Showing value as a support data scientist

A past experience dump

Aug 25, 2020

Perf season is upon the Googleplex right now, meaning a lot of time and energy is being spent to write hundreds, possibly thousands, of words towards documenting our work for performance review and promotion. I’m not about to waste your time writing about whether the whole involved perf process is good, bad, whatever, because plenty of articles talk about those topics if you choose to search for them.

On average I think the process uses a huge amount of people-hours and has plenty of flaws and biases, but then, all the other review processes I’ve ever experienced has tons of issues too. At least the conversations I have with my manager surrounding the process are valuable to have.

So instead of dwelling on that, I wanted to reflect upon a question that pops up fairly often, how do data scientists show, to management and others, the value and impact on the business they’re creating?

Background

Since views about this topic depend a lot on where you’re sitting in the organization, executive, manager, senior DS, junior DS, etc. I’ll first explain where I’m speaking from.

For my entire career, I’ve always been a individual contributor, the “only data person” in many instances across many startups. Even now I think I’m the only quant UXR in Cloud that’s directly reporting to a product focused UX org instead of being within a group of quant researchers shared across Cloud.

This means that I’m not speaking from direct experience of being a manager.

However! Due to being the only data person for so long, I’ve had to work very closely with my managers to understand how to showcase data science work. So despite it not being one of my responsibilities, I’ve still had to put some thought into what teams have to do to show their value.

The problem of showing value in DS

Very broadly speaking there are two main types of data science teams: Teams that create tools and/or models for use by end users, and teams that provide a support function to internal teams.

Teams that create tools and models for use by end users usually have a pretty clear way to show how much impact their work has on a business by simple virtue that they can say “X number of people are using our things!”. It’s often even possible to tie that usage to a revenue number, either direct revenue generated, or a “our users represent X% of paying customers and $Y amount of revenue”.

These teams are essentially product development teams, just creating data science products. They have feature launches, usability tests, infrastructure requirements, etc.
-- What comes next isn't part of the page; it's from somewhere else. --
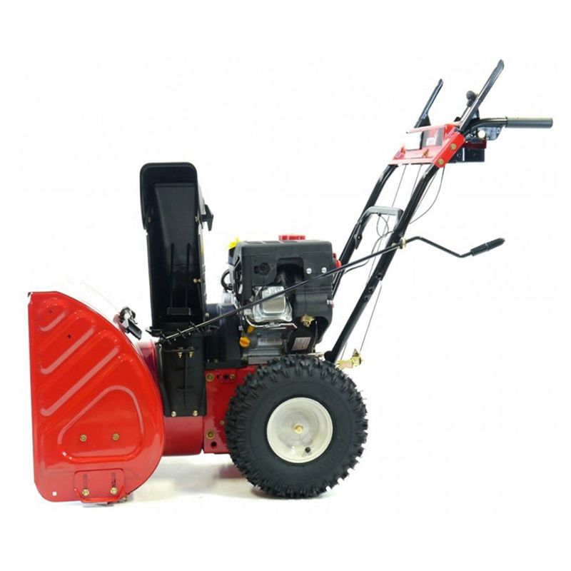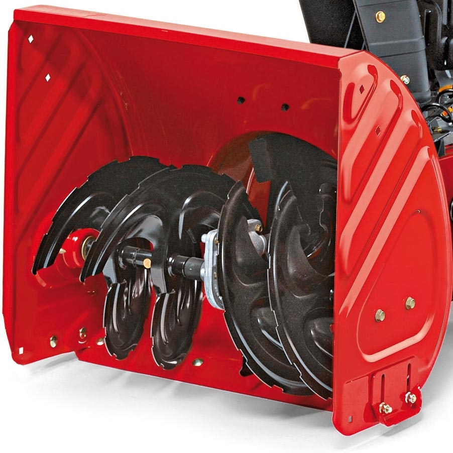 Двухступенчатая система шнеков обеспечивает эффективную обработку даже слежавшегося снега и легкой наледи. Стальной зубчатый шнек собирает снег, измельчает и передает его на крыльчатку. Выброс снега производится через поворотный разгрузочный желоб (угол поворота 180 градусов), управлять которым можно при помощи специального рычага. Дальность выброса снега может достигать 12 метров.

As such, the measurement of their productivity and value is fairly straightforward.

I’m not going to talk about these teams much.

Instead, the second class of teams, the ones that are providing a support function for other people within an organization, have significantly more problems concretely showing their value.

The core of the issue is how support DS teams usually work on things that are far away from a source of revenue, so they have to fight against the perception of being merely a cost center. These teams are usually supporting product development, or providing research and analysis to make various teams more effective, oftentimes there’s a fair amount of small, disjointed, ad-hoc data work from various corners of the company.

These teams have trouble saying “We built X!” because their actual work was helping engineering, product, and design understand and think about X, then those people put their own unique creative processes into X before end users see it. It’s very squishy and hard to be definitive about “we contributed this specific part”.

So what’s some of the things we can do to make things easier?

Groundwork: keep track of what you’ve worked on

It’s hard to show what you’ve done over a period of time if you don’t remember what you’ve done. We all know that human memory is severely flawed and biased in all sorts of ways. So the most important thing to keep an ongoing record of work what’s been done.

If your workday looks anything like mine, on top of any long term projects I have going on, there’s a constant stream of ad-hoc requests that pop up randomly throughout the week. Sometimes the requests can be finished off in 30 minutes, sometimes they take longer. Either way, these requests can fly through your attention, it’s normal to want to just handle the request and move on. Find a way to integrate some minimal form of recordkeeping into your workflow.

Some teams use formal ticketing systems to keep track. Those are great (some might even argue necessary) for larger teams and/or for people who are much more organized than me. The more a team of data scientists want to work with a layer of abstraction between them and the world to share workload, the more a ticketing system makes sense.

I’ve tried on multiple occasions to use a ticketing and I very quickly fail to form a habit around it and it rots. So as an alternative, I got into the habit of putting a date upon all my file outputs. Every analysis, every spreadsheet, every query file, I prefix it with a date (in ISO-8601 format, because I’m not insane). This way, I can always go to my file folders and easily grep out everything that I’ve done. I might miss out on a bit of context, but those files provide a timestamp reference point to search through my email for any missing context. It also helps in finding things when someone walks up and goes “remember that analysis you did for me a few months ago?” (answer: no).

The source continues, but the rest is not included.